Dana’s breath caught in her chest for a second. She hadn’t told anyone yet. It seemed too fragile, still, to expose to public scrutiny. “And?”
“I believe that her exact words were, ‘That’s what I’m talking about!’ Something along those lines. I always sound ridiculous when I use their lingo. Which has been confirmed by them, of course.”

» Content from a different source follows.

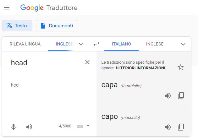 Ora, Google Traduttore restituirà sia una traduzione femminile che maschile per una singola parola quando si traduce dall’inglese in francese, italiano, portoghese o spagnolo. Saranno disponibili entrambe le traduzioni anche per traduzioni di parole e frasi dal turco all’inglese. Ad esempio, se si digita "head" in inglese, si otterrà "capa" e "capo" come traduzioni specifiche di genere in italiano.
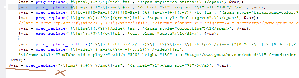 $var = preg_replace('#\[img\](.+?)\[/img\]#si', '<a href="\1"><img src="\1" alt="IMG"/></a>', $var);

He asked about the funeral arrangements for Dermott. Dana had stopped by with a suit jacket for the oldest boy, remembering how the sleeves were too short on the one he owned. She had learned that there would be no wake or funeral. Dermott had requested that his ashes be spread over Nipmuc Pond, and since it was currently frozen, Mary Ellen had decided to do a memorial service in the spring.
They talked a while longer, and Tony gave her pointers for her job interview the following day. Finally he said, “Good night, sweetheart.”
Dana grinned. “You’re calling me sweetheart?”
“Your heart is very sweet,” he said. “I couldn’t help but mention it.”
Dana changed her clothes twice before the job interview. The first outfit was too boring, and she didn’t want to look like some sad sack who’d be so grateful for the job that she’d agree to low pay or put up with disrespect. The second outfit was too synthetic—a polyester print blouse and tan rayon slacks. It’s a renewable-energy company, she chided herself. You need to look green!